WASHINGTON – US President Donald Trump maintained his combative stance on trade on Friday, issuing threats against China, Japan and Canada.
Speaking to reporters aboard Air Force One, Trump said that the imposition of tariffs on $200 billion in Chinese goods “could take place very soon depending on what happens with them.”
“I hate to say this, but behind that is another $267 billion ready to go on short notice if I want. That totally changes the equation,” the president said.
Accord to official US government figures, if all those tariffs were to be imposed, they would surpass the total value of Chinese goods imported by the United States.
In 2017, the United States imported $505 billion in Chinese products.
“I’m being strong on China because I have to be. They’re taking $500 billion out a year. I can’t let that happen,” Trump said.
China’s trade ministry, for its part, said Thursday that it would “take the necessary countermeasures” if the US decides to impose new tariffs.
The president also put Japan on notice.
“If we don’t make a deal, Japan knows it’s a big problem,” Trump told reporters travelling with him to Fargo, North Dakota.

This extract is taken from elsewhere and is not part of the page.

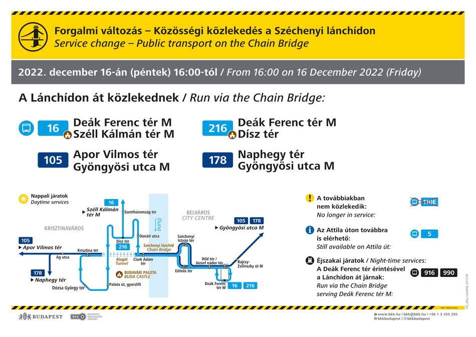 부다페스트를 상징하는 다리인 세체니 다리가 2022년 12월 16일 금요일 리노베이션을 일부 마치고 다리가 일부 개통이 됩니다. 임시 교통 일정에 따라 BKK 대중교통편과, 택시, 자전거, 오토바이 등만 다리를 이용할 수 있습니다.
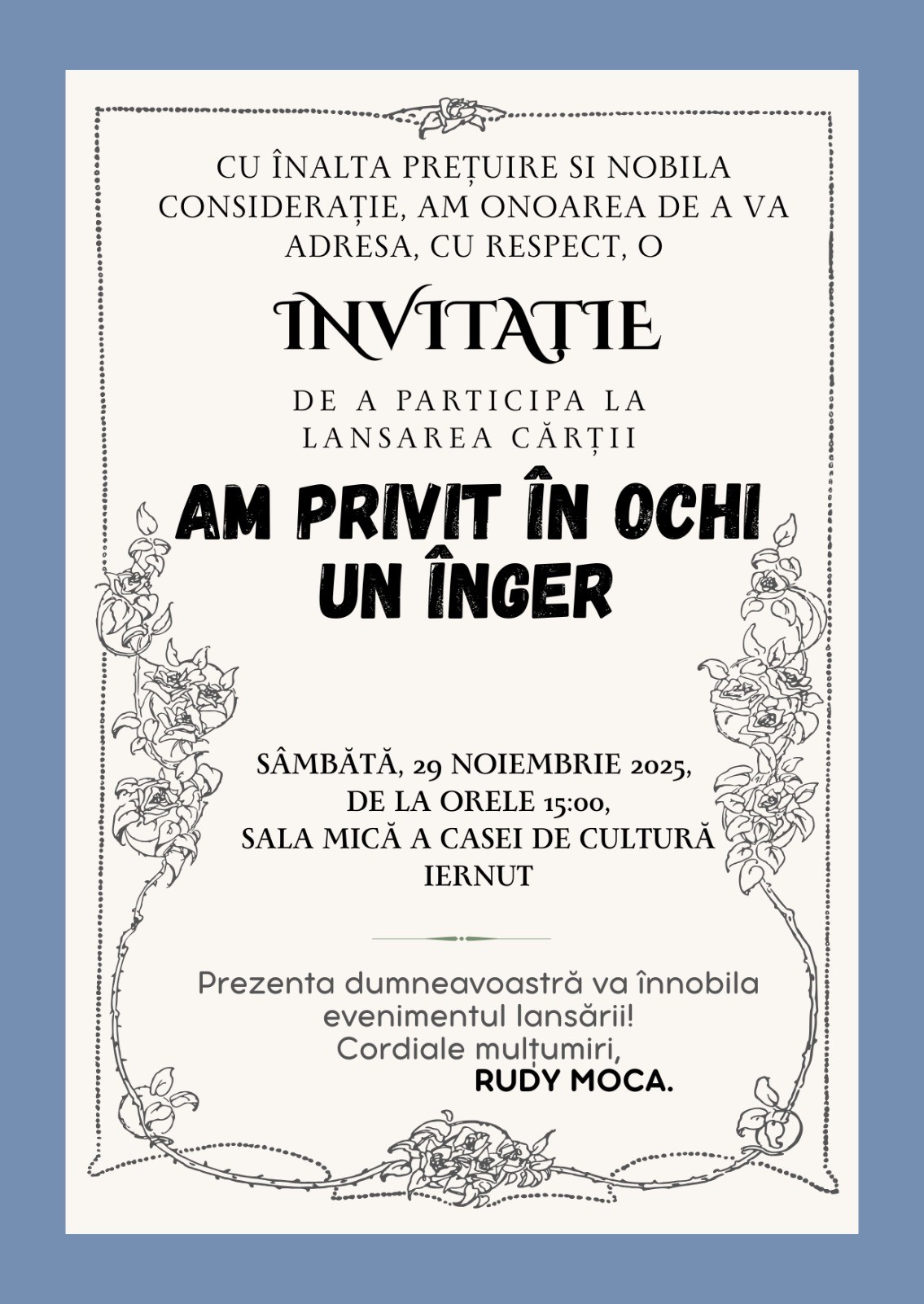 Comunitatea din Iernut este invitată sâmbătă, 29 noiembrie 2025, de la ora 15:00, în sala mică a Casei de Cultură, la un eveniment literar cu totul special: lansarea volumului „Am privit în ochi un înger”, semnat de Rudy Moca.

The president said that Japan had contacted the US government last week about initiating trade talks.
Trump has claimed to have a good relationship with Japanese Prime Minister Shinzo Abe, with whom he has meet on several occasions and has invited to his Mar-a-Lago resort in Florida.
Regarding Canada, currently in talks with Washington about overhauling the 1994 North American Free Trade Agreement (NAFTA), Trump threatened to impose tariffs on Canadian auto imports.
“I don’t want to do anything bad to Canada. I can – all I have to do is tax their cars, it would be devastating,” Trump said.
The president said he was often accused of being “too tough on Canada,” tough he defended his stance, saying Ottawa “has been ripping us off for a long time.”
“Now they’ve got to treat us fairly,” Trump added.